Black Auto Dealers Using Uncommon Tactics to Keep Doors Open


In January, Damon Wickware took six personal cars to a local auction site in Daphne, Alabama to raise cash for his dealership, Bayview Ford Lincoln Mercury L.L.C.

Wickware, whose auto retail business ranked 100th on the B.E. Auto Dealer 100 list with $21.2 million in revenues, took a $4,000 loss on each car sold. The move was warranted when “you have no other source to get capital,” he says.

Similar frantic acts are being played out among dealers across the country as they grapple with a two-pronged quagmire — a lack of credit to finance vehicle floor plans doubled by a lack of credit to get consumers in vehicles.

African American-owned dealerships such as Wickware’s are not immune to acute U.S. economic woes blanketing the automotive industry. In many instances, minority-owned dealers are far more susceptible to lose money faster because the businesses are typically first-generation operations with smaller cash pools to ride out economic downturns.

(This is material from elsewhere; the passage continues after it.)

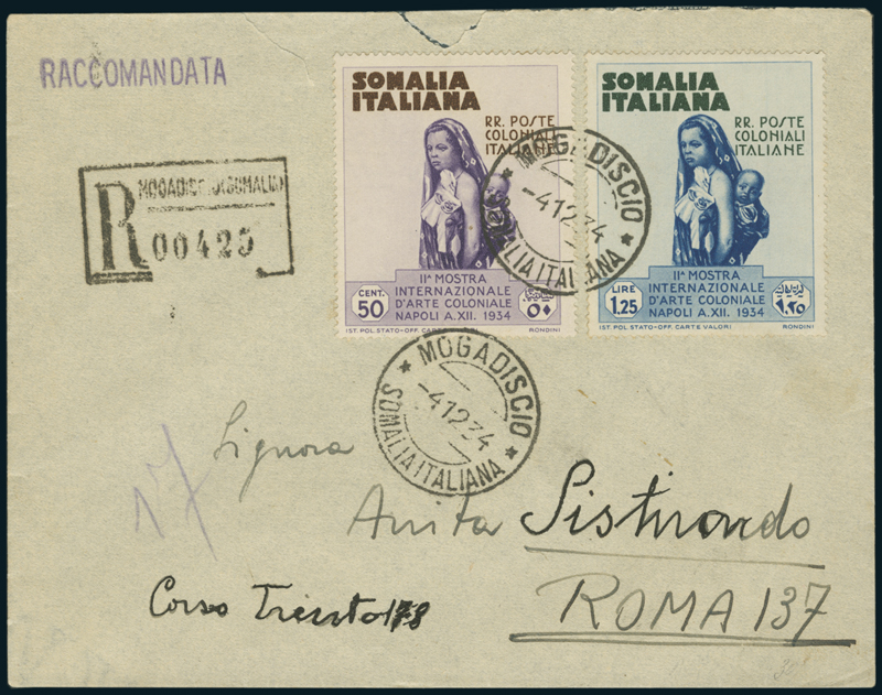 1934, raccomandata da Mogadiscio per Roma, recante "Mostra Coloniale" 50c. ed 1,25l. (196, 198). Affrancatura rara in tariffa.

“It’s such a capital-intensive industry that most of our dealerships have had an issue of being under capitalized,” says Damon Lester, president of the National Association of Minority Automobile Dealers (NAMAD).

Many dealers have made deep staff cuts. Some are considering opting out of dealerships, while others, like Wickware, are trying to shore up capital to keep their businesses going until the economy turns around. But with the credit market at a standstill, there’s not much capital being doled out from banks to keep these businesses propped up until better days.

“Not much of anything is selling,” Wickware says. “We’ve lost a lot of lenders. We’ve had some people come in with $2,000 or $3,000 to put down on a car but with stricter lending requirements, we haven’t been able to sell them anything.”

Wickware needs $1 million in working capital to keep his business afloat until 2010. He says it’s “always a possibility” that his business could shutter if relief doesn’t come soon.